The negative voltage overshoot caused by the DC-blocking capacitor helped identify peaks with a higher accuracy than using the original positive voltage peak in the case that cells flow through the electrodes in proximity to each other. Therefore, a negative threshold voltage was applied to count the peaks in MATLAB. The video recording of the experiment was compared to the MATLAB results to analyze optical count vs. digital count. Representative is displayed in Fig. 8.

Fig. 8
figure 8

Total optical microscopic count vs. digital system count from 10-minute experiment with human blood cells

Threshold-based automated counting only presented difficulty in identifying a peak when multiple cells flowed between the electrodes at a given time resulting in the overlap of separate peaks. Each occurrence of overlapping caused the digital to optical count ratio to drop. However, due to the unique peak signature from our circuit response due to the DC-blocking capacitor, we expect that multiple peak-fitting algorithms such as those used in XPS analysis31 can be implemented to obtain more accurate counts.

Conclusion

We have developed a wearable microfluidic impedance cytometer on a flexible substrate containing a microfluidic biosensor, analog readout hardware, an analog-to-digital data MCU, BLE transmission, and smartphone data processing. Our platform can count the number of blood cells from a pin-prick blood sample pipetted into the standard microfluidic PDMS chip. However, different types of biomarkers can be counted by replacing the standard PDMS chip with specialized microfluidic chips that isolate a specific biomarker. Interchanging the biosensors on the current version of the platform involves de-soldering and re-soldering jumping cables from the biosensor pads to the board, however this can be ultimately replaced with a more user-friendly plug and play packaging interface. The resulting voltage data can be exported and shared with a medical professional for in-depth analysis and can provide vital information to doctors without significantly disrupting a patient’s daily schedule.

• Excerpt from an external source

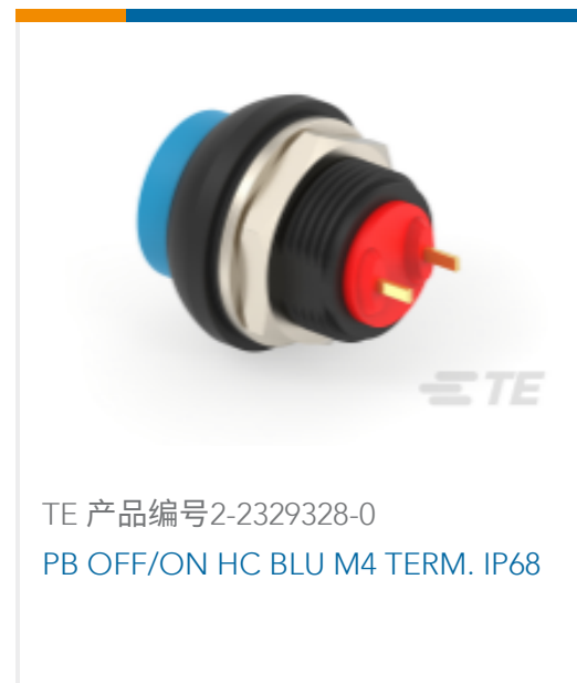
TE 产品编号 2-2329328-0 PB OFF/ON HC BLU M4 TERM. IP68

In future work, we aim to evaluate the robustness of our platform by sampling data as it is being worn during activity, and we will adjust the circuit architecture, biosensor design, and overall packaging to reduce the effects of motion and environmental disturbance. In addition, we would like to demonstrate the versatility of the system by testing across a range of biosensors and biomarkers. Furthermore, studies will be dedicated to incorporating multi-frequency impedance cytometry and data-driven approaches to discriminate between different cell types. Lastly, our current system requires the user to place samples into the microfluidic channel obtained from a pin-prick, which must be performed at intervals and as opposed to continuous and automated blood counting. Therefore, we envision fabricating minimally invasive microneedle or catheter-based impedance sensors continuously sampling venous blood using a wearable cytometry platform for readout. Bio-systems continuously monitoring human health is the key to early disease prediction and could revolutionize how medical professionals provide treatment to their patients.